Autorité et anarchie

À l'occasion d'un séminaire des chefs d'établissements scolaires (en France) sur l'autorité, un recteur facétieux a essayé de détourner une analyse d'Hannah Arendt pour faire l'apologie de la hiérarchie. Bakounine aurait bien ri.

Hannah Arendt, dans La crise de la culture, écrit ceci : «Puisque l'autorité requiert toujours l'obéissance, on la prend souvent pour une forme de pouvoir ou de violence. Pourtant, l'autorité exclut l'usage de moyens extérieurs de coercition; là où la force est employée, l'autorité proprement dite a échoué. L'autorité, d'autre part, est incompatible avec la persuasion, qui présuppose l'égalité et opère par un processus d'argumentation. Là où on a recours à des arguments, l'autorité est laissée de côté. Face à l'ordre égalitaire de la persuasion se tient l'ordre autoritaire, qui est toujours hiérarchique.»

Notre recteur saute sur ce dernier mot pour en conclure que la hiérarchie – et, par extension, l'Administration – est naturellement autoritaire et que ses décisions ne sont pas discutables.

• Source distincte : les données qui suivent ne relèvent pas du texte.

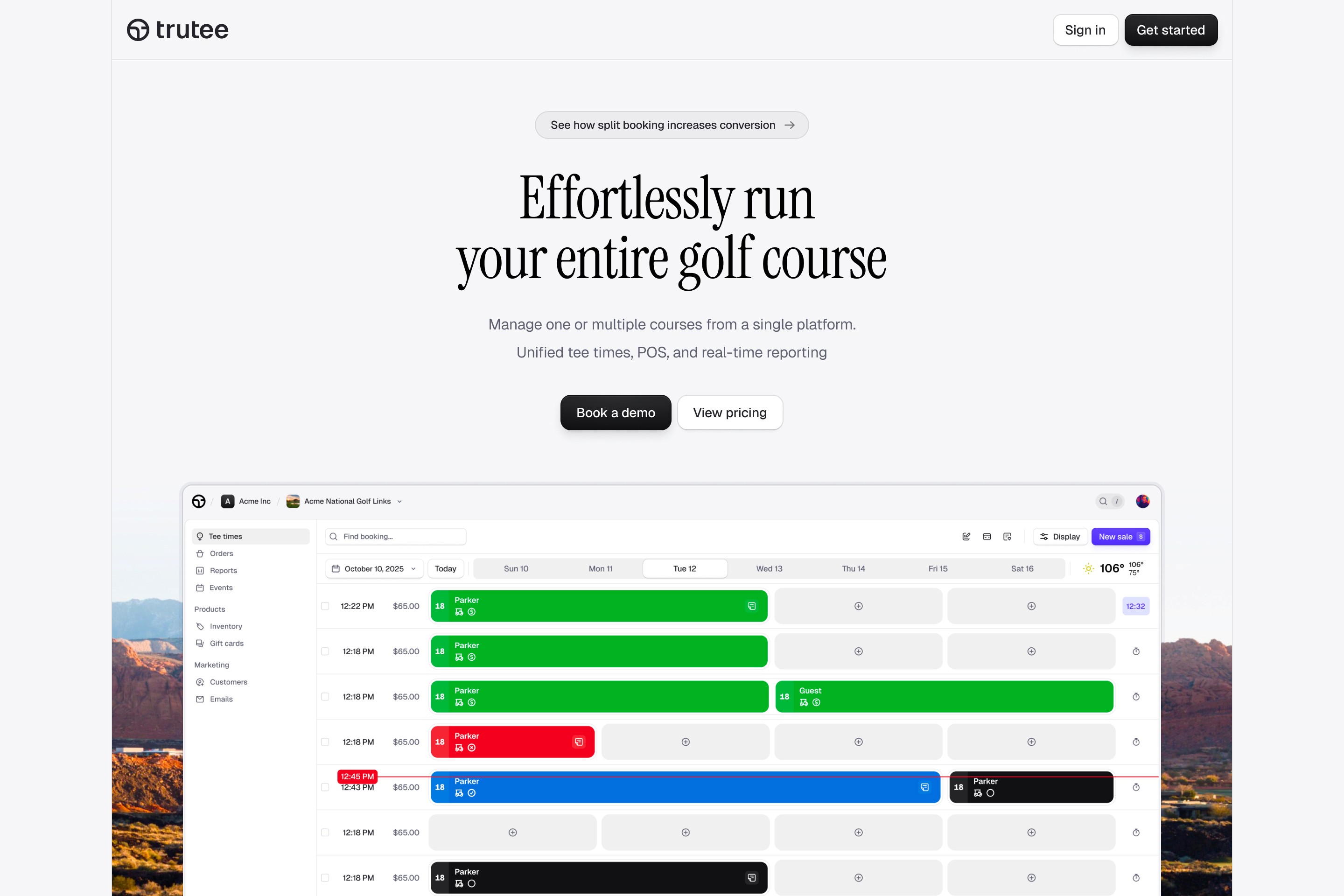Trutee Golf is the platform I'm designing and building as a solo founder. It includes a real-time tee sheet, automated waitlists, multi-course booking, POS and payments via Stripe, and AI-powered reporting. I own everything: product strategy, UX, system architecture, frontend code, pricing model, and go-to-market.

On n'est pas loin de Staline…

Monsieur est un ignare. Ou un provocateur. Ce n'est pas le tout de savoir écrire. Il faut savoir lire. Et ne pas confondre un adjectif (hiérarchique) avec un nom (hiérarchie). C'est comme si, sous prétexte que le ragoût de mouton, c'est bon, on en déduisait que la bonté, c'est le ragoût de mouton.

Or la hiérarchie est précisément le contraire de l'autorité telle que définie par Arendt. La hiérarchie ordonne et met en œuvre les moyens de coercition nécessaires pour contraindre ceux qu'elle prétend diriger.

L'autorité dont parle Arendt est ailleurs. Elle est aussi celle dont parle Bakounine. Et elle n'est surtout pas l'autoritarisme. Bakounine refuse bien sûr toute hiérarchie et tout moyen de coercition. Mais il  accepte l'autorité. L'autorité qu'il a librement choisie. Il accepte l'autorité de quelqu'un qui possède un savoir ou une technique qui lui sera utile, et en qui il a confiance. Celle du médecin pour sa santé, par exemple, ou celle de l'ingénieur pour la construction d'un pont (encore que, au Québec en particulier, on puisse se poser des questions…). Il n'aura ni à être contraint ni à être persuadé pour accepter un diagnostic médical ou un plan de construction.

«Faire autorité» en une matière n'implique aucune contrainte. L'ordre autoritaire est hiérarchique parce que, au moment où on l'accepte, il participe d'un savoir qu'on n'a pas soi-même mais qu'on respecte et auquel, à un moment donné, on va faire confiance. Rien à voir avec la hiérarchie, qui est un instrument de pouvoir impliquant la subordination.

Ni l'autorité ni l'ordre ne sont incompatibles avec l'anarchie (ne pas confondre anarchie et désordre). L'ordre dans le sens d'«organisation». D'organisation commune. L'anarchiste n'est certainement pas un chien de meute, mais il est un animal social.